Angka ini mengalami penurunan sebesar 0,79 persen dari harga sebelumnya, yang berada pada USD 805,20 per MT atau sekitar Rp12,37 juta.
Direktur Jenderal Perdagangan Luar Negeri Kemendag, Budi Santoso, menjelaskan bahwa penurunan tersebut hampir mencapai ambang batas, yaitu USD 680 per MT.
Oleh karena itu, sesuai dengan Peraturan Menteri Keuangan yang berlaku saat ini, pemerintah akan menerapkan BK CPO sebesar USD 33 per MT dan tarif PE CPO sebesar USD 85 per MT untuk periode 16-30 September 2023.
Adapun BK CPO untuk periode 16–30 September 2023 mengacu pada kolom angka 4 pada lampiran huruf C Peraturan Menteri Keuangan Nomor 39/PMK/0.10/2022 jo. Nomor 71 Tahun 2023 dengan besaran USD 33 per MT.
Sementara itu, tarif PE CPO untuk periode yang sama mengacu pada lampiran huruf c Peraturan Menteri Keuangan Nomor 103/PMK.05/2022 jo. Nomor 154/PMK.05/2022 dengan besaran USD 85 per MT.

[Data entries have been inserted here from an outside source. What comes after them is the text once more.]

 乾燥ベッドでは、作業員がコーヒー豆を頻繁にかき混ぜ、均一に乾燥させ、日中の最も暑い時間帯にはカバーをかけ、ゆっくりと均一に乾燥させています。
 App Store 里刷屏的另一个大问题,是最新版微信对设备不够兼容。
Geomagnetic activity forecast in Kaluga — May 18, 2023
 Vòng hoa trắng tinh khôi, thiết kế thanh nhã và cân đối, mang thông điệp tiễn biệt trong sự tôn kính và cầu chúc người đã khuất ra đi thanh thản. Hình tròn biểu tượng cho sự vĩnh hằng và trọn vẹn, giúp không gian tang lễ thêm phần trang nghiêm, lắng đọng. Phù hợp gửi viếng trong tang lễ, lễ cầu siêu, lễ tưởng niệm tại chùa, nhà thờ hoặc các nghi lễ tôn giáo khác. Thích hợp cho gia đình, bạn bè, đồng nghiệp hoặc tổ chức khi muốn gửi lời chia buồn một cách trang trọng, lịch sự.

Nilai BK dan PE CPO tersebut tetap sama dengan yang berlaku pada periode 1–15 September 2023.
Adapun penurunan harga CPO ini dipengaruhi oleh beberapa faktor, termasuk perlambatan ekonomi di Tiongkok dan perkiraan peningkatan persediaan minyak sawit dari Malaysia pada akhir Agustus 2023.

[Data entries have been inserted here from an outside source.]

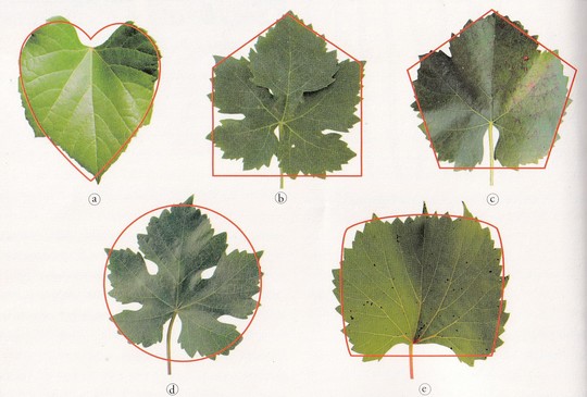 Različiti oblici listova vinove loze: a) srcast, b) klinast, c) pentagonalan, d) okrugao, e) bubrežast
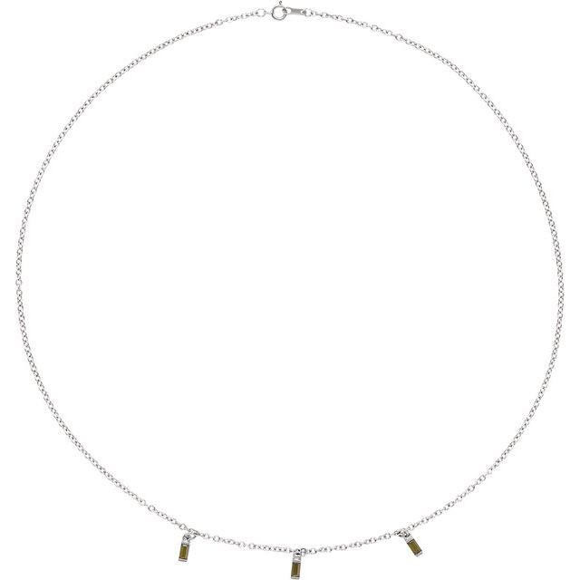 14K White Natural Green Tourmaline 16 inch Necklace Comes Set With
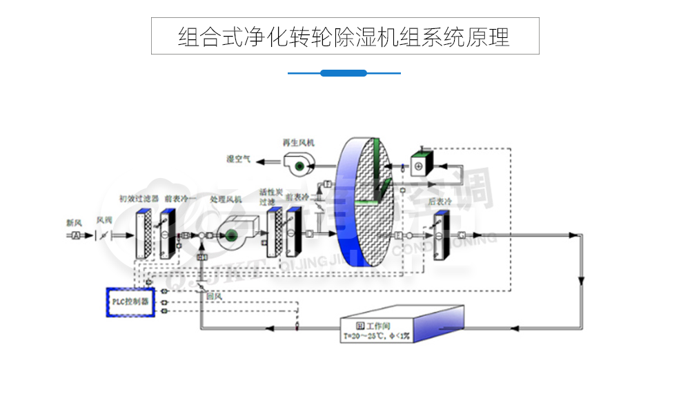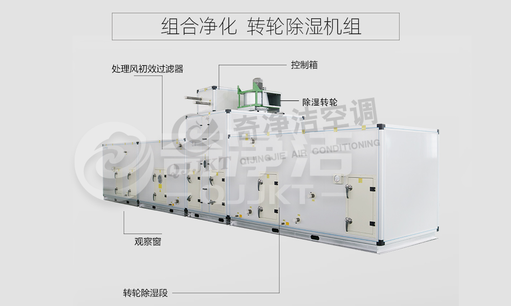 由转轮除湿段(包括干燥转轮、再生风机、再生加热器、再生过滤器和再生风阀)处理风机段、前表冷段、后表冷段、处理风初效过滤器(可选中、高效过滤器)、控制箱等组成

Selain itu, dilansir dari berbagai sumber penurunan harga minyak kelapa sawit juga dapat memiliki dampak signifikan terhadap industri kelapa sawit, di antaranya:
1. Penurunan Pendapatan
Penurunan harga CPO langsung berdampak pada pendapatan produsen kelapa sawit. Hal Ini dapat mengurangi profitabilitas perusahaan-perusahaan dalam industri tersebut.
2. Pemotongan Biaya
Untuk mengatasi penurunan pendapatan, produsen kelapa sawit mungkin harus memotong biaya produksi. Ini dapat mengarah pada pemotongan tenaga kerja, penurunan investasi, atau pengurangan biaya operasional.
3. Penundaan Investasi
Penurunan harga CPO bisa membuat produsen kelapa sawit menunda rencana investasi dalam perluasan perkebunan atau peningkatan kapasitas pabrik pengolahan.
4. Penurunan Nilai Aset
P.erusahaan kelapa sawit mungkin mengalami penurunan nilai aset mereka, yang dapat berdampak pada pemegang saham dan investor.

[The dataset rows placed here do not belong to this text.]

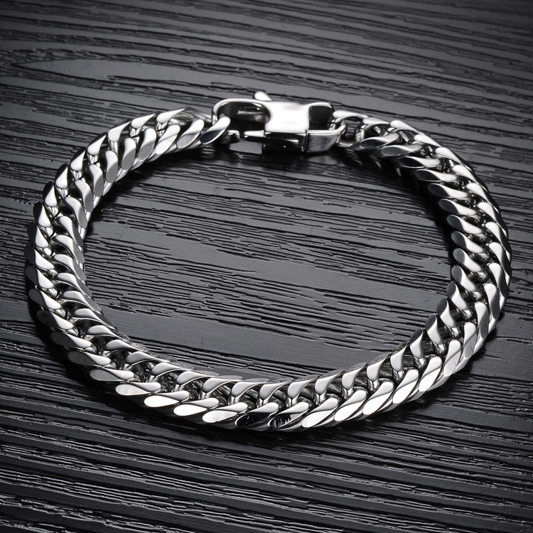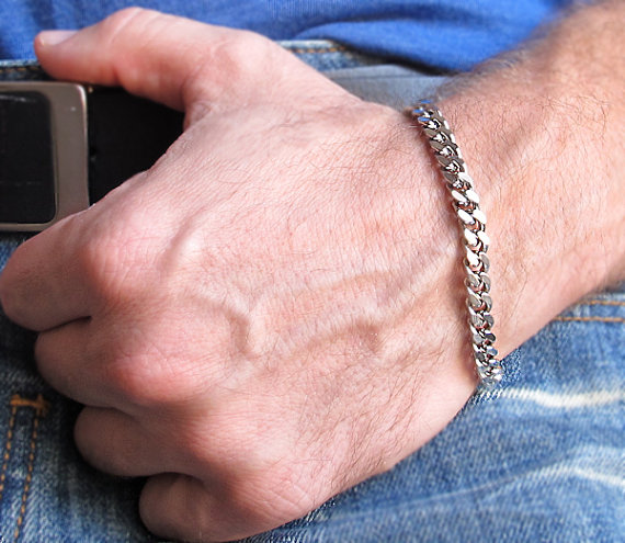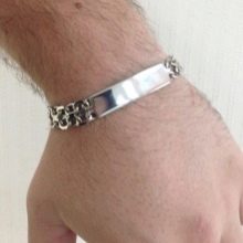Erkek el zincirleri Cerrahi çelik - hemen hemen her yaştan erkekler arasında popüler olan ucuz ama çekici ve şık mücevherler. Cerrahi çeliğin muhteşem parlaklığı, görsel olarak lüks platin ve asil paladyumun parlaklığını anımsatır. Bu tür mücevherler korozyondan, neme maruz kalmaktan, tuzlardan, agresif kimyasallardan, şok yüklerinden korkmaz. Ayrıca, onlar hipoalerjenik, tahrişe ve cilt alerjik reaksiyonlarına neden olmaz.
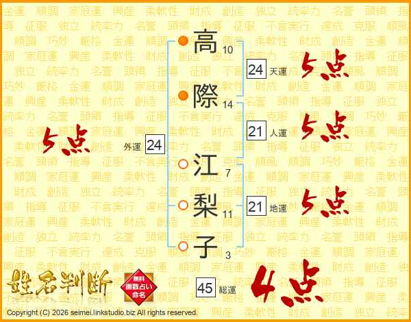 高(10画)際(14画) 江(7画)梨(11画)子(3画)
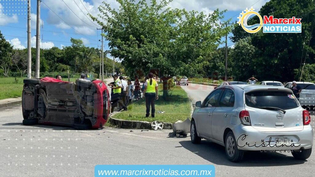 Cancún (Marcrix Noticias).- Un vehículo Nissan March se volcó tras trocar contra otro auto del mismo modelo, en el fraccionamiento Paseos Kabah.
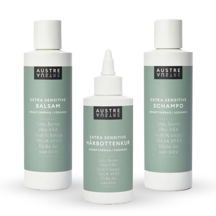 AUSTRE Extra sensitive hårkit innehåller en schampo, balsam och hårbottenkur för extra känslig hårbotten. Fritt från silikoner och sulfater. Oparfymerad och vegansk.
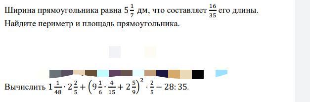 1) Ширина прямоугольника = 5 1/7 дм = 36/7 дм;
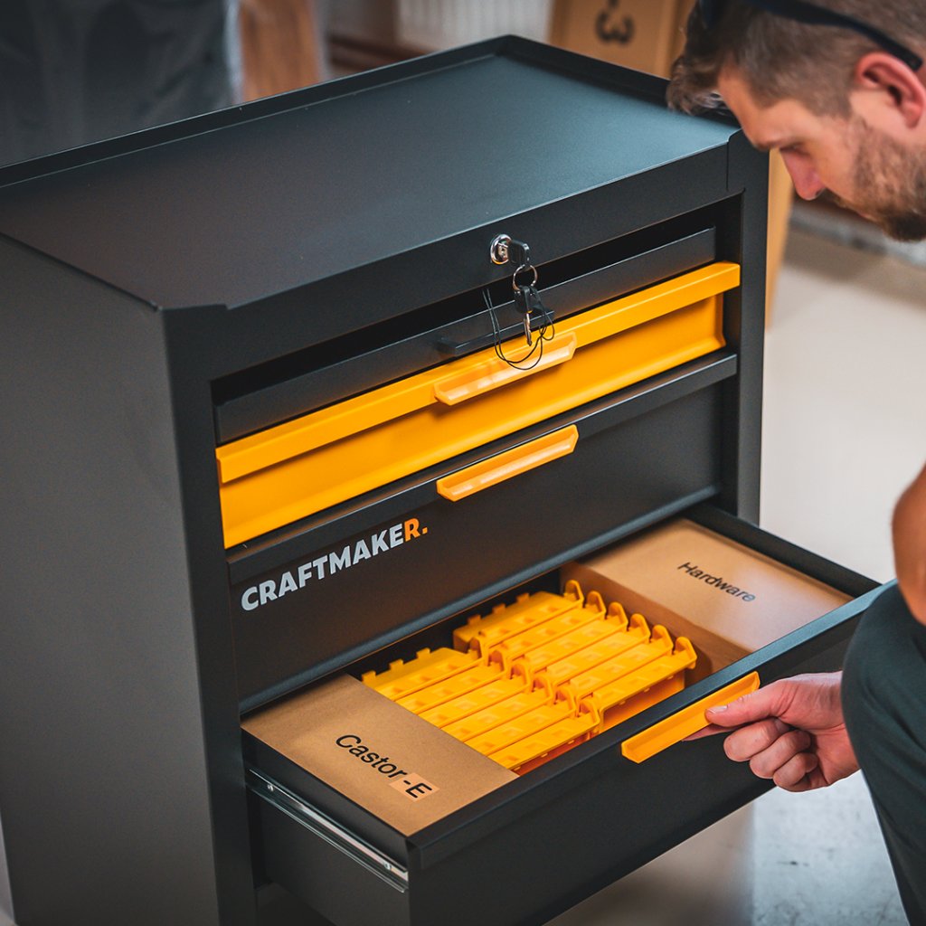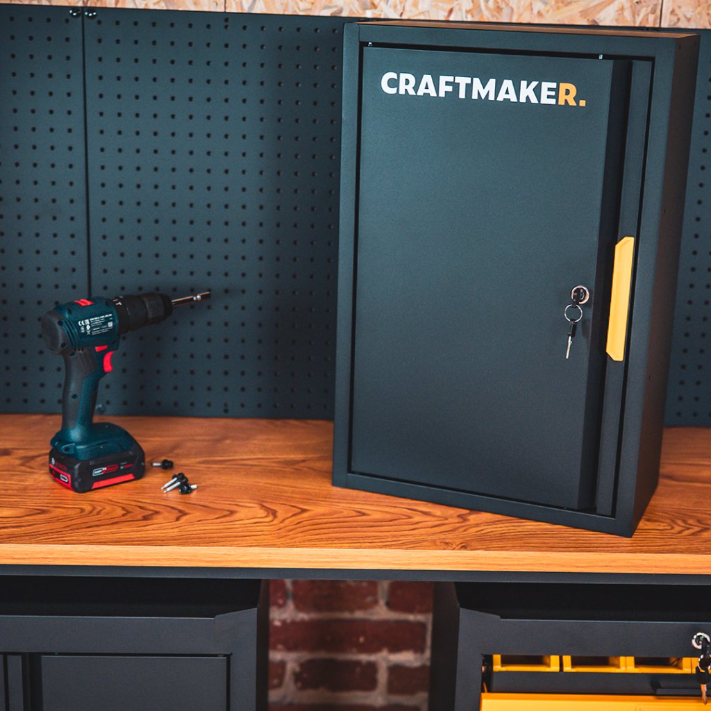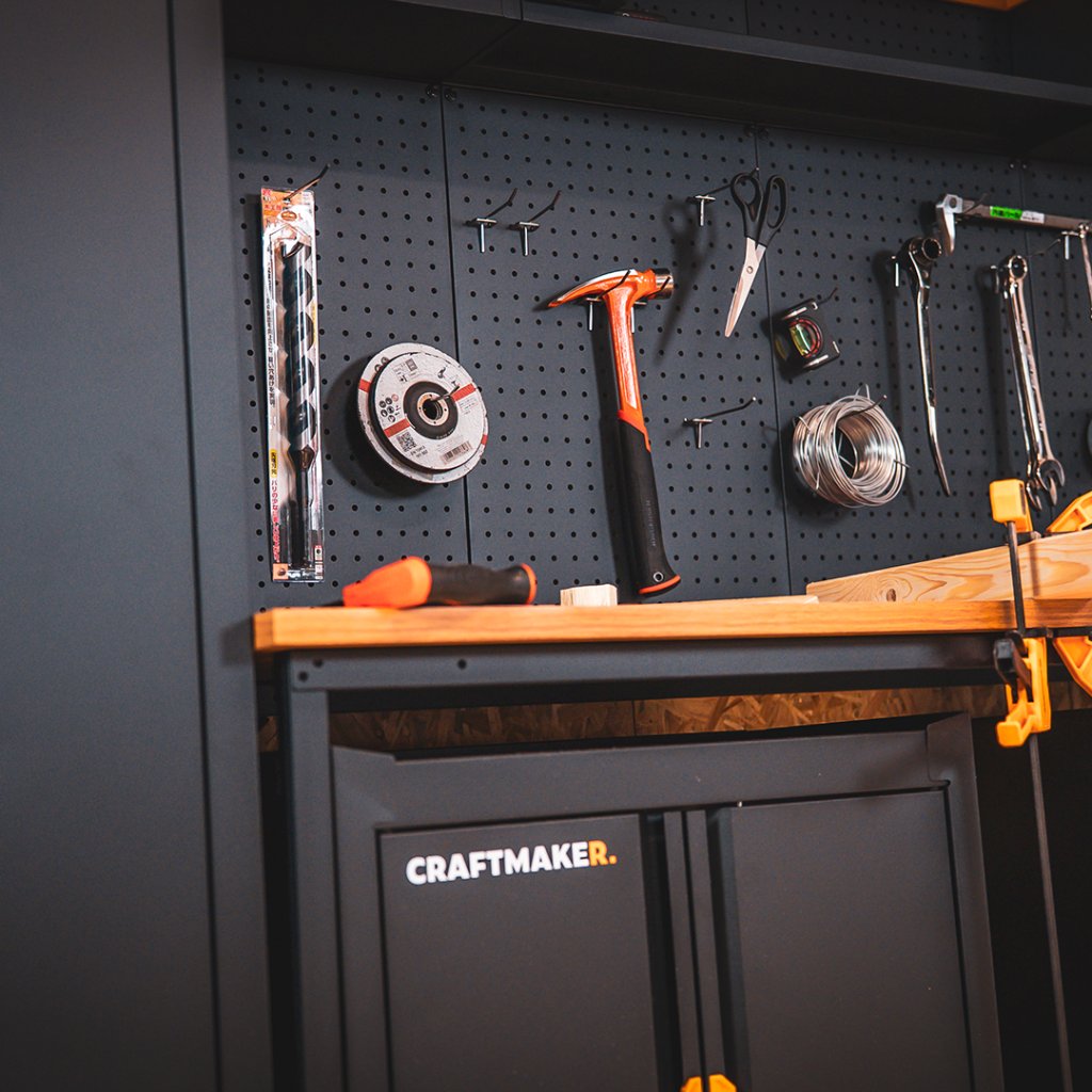CRAFTMAKER Storage & Workshop F60 je dílenská sestava nábytku pro řemeslníky – skříň se stolem, poličkami a stěnou do dílny představuje ideální kombinaci úložného prostoru a pracovní plochy, která usnadní organizaci a zefektivní práci v každé dílně. Robustní konstrukce z kvalitních materiálů zajišťuje dlouhou životnost a odolnost vůči náročným podmínkám při řemeslných pracích.

5. Peningkatan Risiko Keuangan
Jika perusahaan dalam industri kelapa sawit memiliki utang signifikan, penurunan harga CPO dapat meningkatkan risiko keuangan mereka dan membuat mereka kesulitan untuk memenuhi kewajiban keuangan.
6. Dampak Lingkungan
Penurunan harga CPO dapat mengurangi insentif untuk mengadopsi praktik berkelanjutan dalam produksi kelapa sawit, yang dapat berdampak negatif pada lingkungan.
7. Pasar Ekspor
Penurunan harga CPO dapat mempengaruhi daya saing produk kelapa sawit di pasar ekspor. Harga yang lebih rendah dapat meningkatkan permintaan, tetapi juga dapat mengurangi nilai ekspor.
Dalam rangka menghadapi penurunan harga CPO, produsen kelapa sawit sering harus mengambil langkah-langkah manajemen risiko dan strategi bisnis yang bijak untuk memitigasi dampaknya pada profitabilitas dan kelangsungan bisnis mereka.